İmar programlarında, umumi hizmetlere ayrılan yerler ile özel kanunları gereğince kısıtlama konulan gayrimenkuller kamulaştırılıncaya veya umumi hizmetlerle ilgili projeler gerçekleştirilinceye kadar bu yerlerle ilgili olarak diğer kanunlarla verilen haklar devam eder."

16. 3194 sayılı Kanun'un 18. maddesinin 4/7/2019 tarihli ve 7181 sayılı Kanun ile değiştirilmeden önceki hâliyle üçüncü, dördüncü ve beşinci fıkraları şöyledir:

"(Değişik üçüncü fıkra: 3/12/2003-5006/1 md.) Düzenleme ortaklık payları, düzenlemeye tâbi tutulan yerlerin ihtiyacı olan Milli Eğitim Bakanlığına bağlı ilk ve ortaöğretim kurumları, yol, meydan, park, otopark, çocuk bahçesi, yeşil saha, ibadet yeri ve karakol gibi umumî hizmetlerden ve bu hizmetlerle ilgili tesislerden başka maksatlarla kullanılamaz.

Düzenleme ortaklık paylarının toplamı, yukarıdaki fıkrada sözü geçen umumi hizmetler için, yeniden ayrılması gereken yerlerin alanları toplamından az olduğu takdirde, eksik kalan miktar belediye veya valilikçe kamulaştırma yolu ile tamamlanır.

Herhangi bir parselden bir miktar sahanın kamulaştırılmasının gerekmesi halinde düzenleme ortaklık payı, kamulaştırmadan arta kalan saha üzerinden ayrılır."

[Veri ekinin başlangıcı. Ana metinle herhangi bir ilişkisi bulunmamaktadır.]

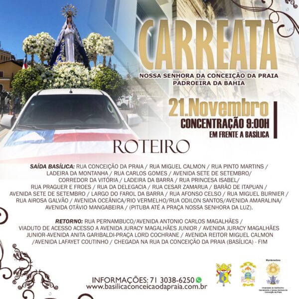 Na sequência será realizado o hasteamento das bandeiras de Salvador, do Estado e do Vaticano para, logo após, iniciar a carreata com a imagem de Nossa Senhora da Conceição da Praia, que sairá das escadarias da Basílica e passará pelo Comércio, Avenida Carlos Gomes, Corredor da Vitória, Barra, Ondina, Rio Vermelho, Amaralina, Pituba (Praça Nossa Senhora da Luz), retornando para a Basílica.

17. İlgili uluslararası hukuk için bkz. Hüseyin Ünal, B. No: 2017/24715, 20/9/2018, §§ 24-29.

V. İNCELEME VE GEREKÇE

18. Mahkemenin 30/9/2020 tarihinde yapmış olduğu toplantıda başvuru incelenip gereği düşünüldü:

A. Başvurucunun İddiaları

19. Başvurucu; Belediyece uygulamaya geçirilen imar planının kanunda öngörülen şekil şartlarına uygun olmadığını, düzenlenen 1/1000 ölçekli imar planının internet sitesinde ilan edilmediğini belirtmiştir. Başvurucu; taşınmazlarının imar durumlarının gerekli araştırma ve uzun vadeli planlama yapılmaksızın park alanı olarak belirlendiğini, Belediyenin bu belirlemeyi yaparken şehircilik ilkelerine ve planlama esaslarına uymadığını ifade etmiştir. Başvurucuya göre kamu yararı ile mülkiyet hakkının korunması arasında olması gereken adil denge bu müdahale ile bozulmuştur. Başvurucu bu taşınmazların bulunduğu alanda kamunun ihtiyacını karşılayacak park alanı olarak ayrılmış birçok yer olduğunu, söz konusu müdahale ile sosyal ve kültürel çeşitlilik anlamında önemli bir rolü olan vakfın yaşatılması ihtiyacının gözardı edildiğini belirtmiştir. Başvurucu bu gerekçelerle mülkiyet hakkının ihlal edildiğini ileri sürmüştür.

B. Değerlendirme

20. Anayasa’nın "Mülkiyet hakkı" kenar başlıklı 35. maddesi şöyledir:

 “Herkes, mülkiyet ve miras haklarına sahiptir.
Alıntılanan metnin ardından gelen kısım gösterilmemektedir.